Segment Start: Material to process

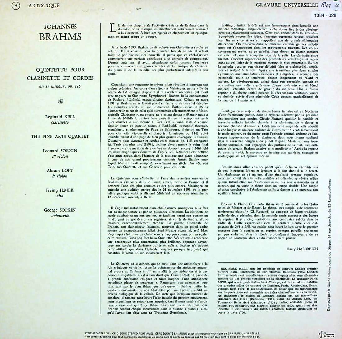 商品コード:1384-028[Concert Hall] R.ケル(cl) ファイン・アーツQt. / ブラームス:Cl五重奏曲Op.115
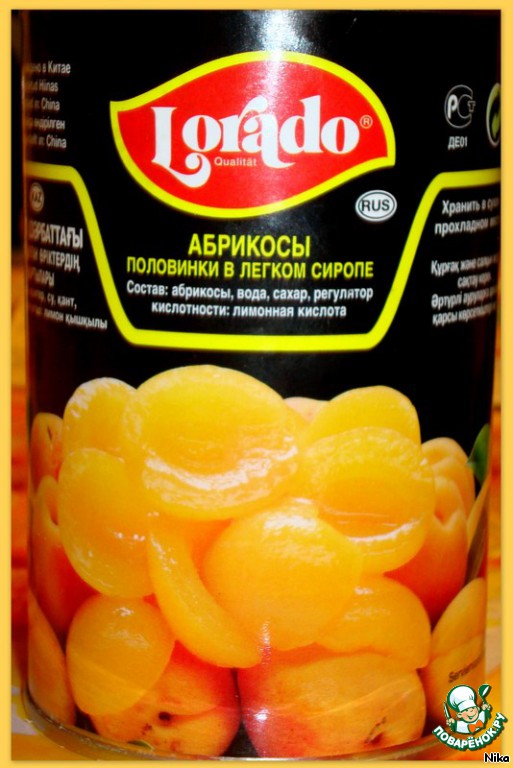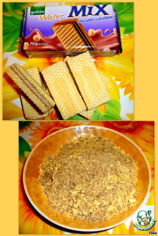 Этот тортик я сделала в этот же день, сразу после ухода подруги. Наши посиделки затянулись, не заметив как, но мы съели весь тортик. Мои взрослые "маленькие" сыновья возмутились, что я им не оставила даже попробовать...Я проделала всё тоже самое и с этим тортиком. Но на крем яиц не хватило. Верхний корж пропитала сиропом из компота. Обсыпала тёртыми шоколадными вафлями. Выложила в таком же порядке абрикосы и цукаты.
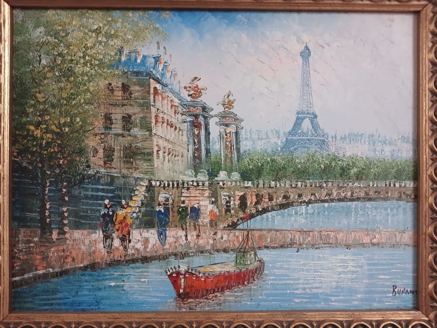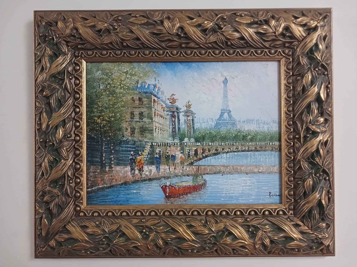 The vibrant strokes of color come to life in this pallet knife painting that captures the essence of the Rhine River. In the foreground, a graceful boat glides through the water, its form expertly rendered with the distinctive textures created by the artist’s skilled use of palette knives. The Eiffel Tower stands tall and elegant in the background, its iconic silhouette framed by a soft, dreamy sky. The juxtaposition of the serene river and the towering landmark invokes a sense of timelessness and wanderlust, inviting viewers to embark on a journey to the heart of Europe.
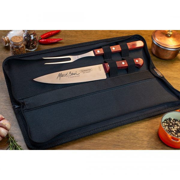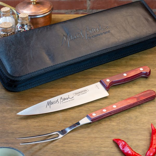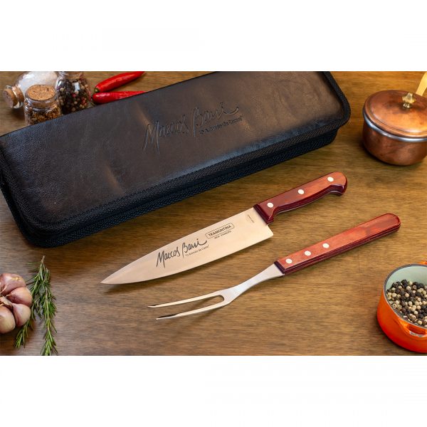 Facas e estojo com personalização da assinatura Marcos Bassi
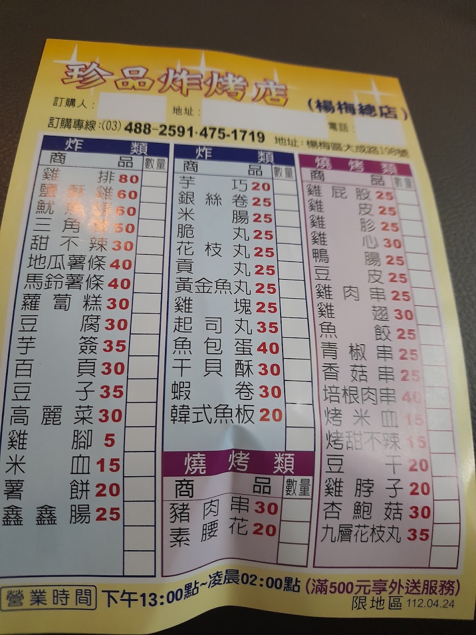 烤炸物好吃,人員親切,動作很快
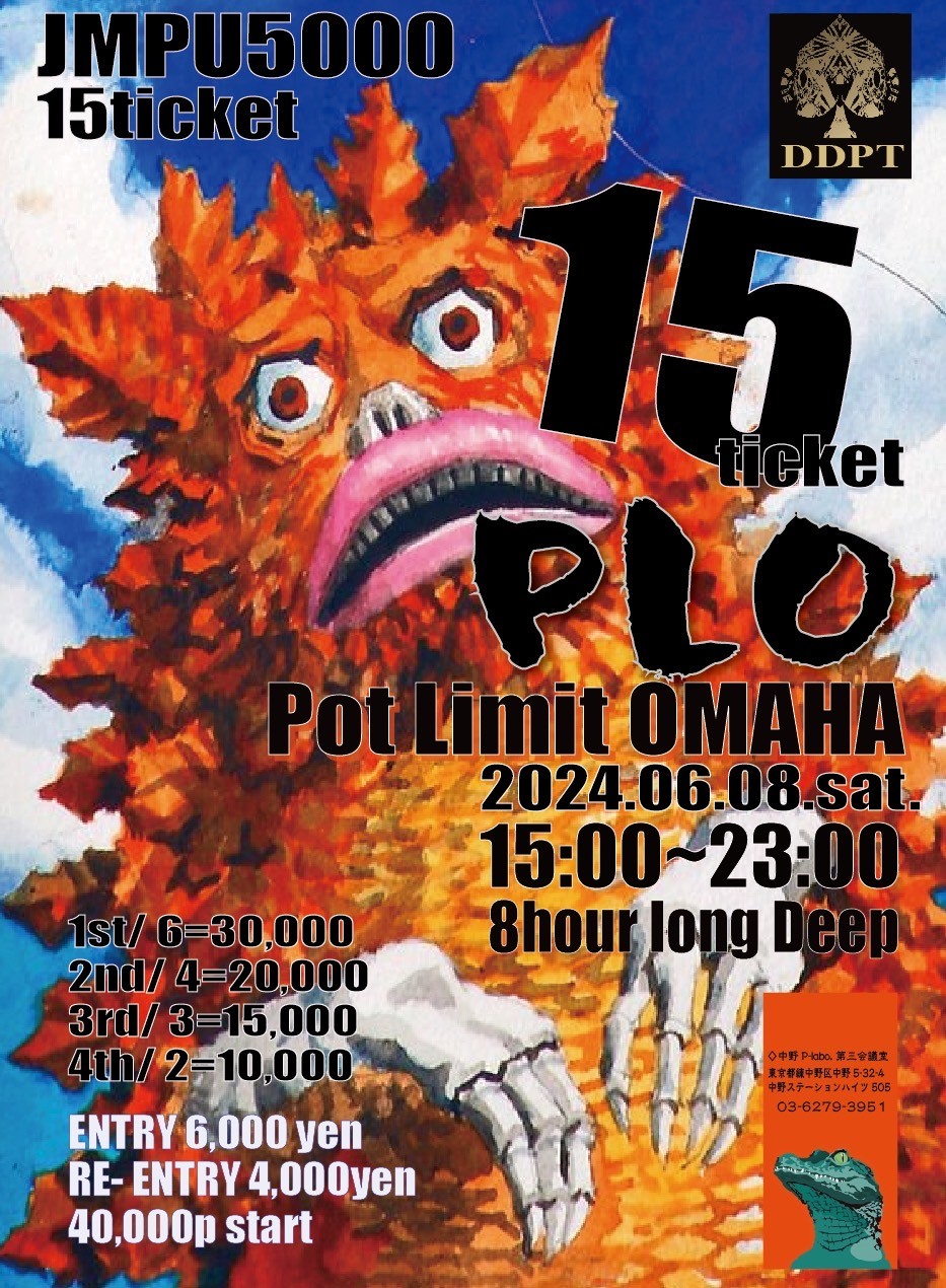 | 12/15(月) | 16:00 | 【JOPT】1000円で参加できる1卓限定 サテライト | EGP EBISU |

Segment End: Material to process

▸ Task description: Your answer must be every record above, word for word, with no pictures.

▸ Result below:
 商品コード:1384-028[Concert Hall] R.ケル(cl) ファイン・アーツQt. / ブラームス:Cl五重奏曲Op.115
 Этот тортик я сделала в этот же день, сразу после ухода подруги. Наши посиделки затянулись, не заметив как, но мы съели весь тортик. Мои взрослые "маленькие" сыновья возмутились, что я им не оставила даже попробовать...Я проделала всё тоже самое и с этим тортиком. Но на крем яиц не хватило. Верхний корж пропитала сиропом из компота. Обсыпала тёртыми шоколадными вафлями. Выложила в таком же порядке абрикосы и цукаты.
 The vibrant strokes of color come to life in this pallet knife painting that captures the essence of the Rhine River. In the foreground, a graceful boat glides through the water, its form expertly rendered with the distinctive textures created by the artist’s skilled use of palette knives. The Eiffel Tower stands tall and elegant in the background, its iconic silhouette framed by a soft, dreamy sky. The juxtaposition of the serene river and the towering landmark invokes a sense of timelessness and wanderlust, inviting viewers to embark on a journey to the heart of Europe.
 Facas e estojo com personalização da assinatura Marcos Bassi
 烤炸物好吃,人員親切,動作很快
 | 12/15(月) | 16:00 | 【JOPT】1000円で参加できる1卓限定 サテライト | EGP EBISU |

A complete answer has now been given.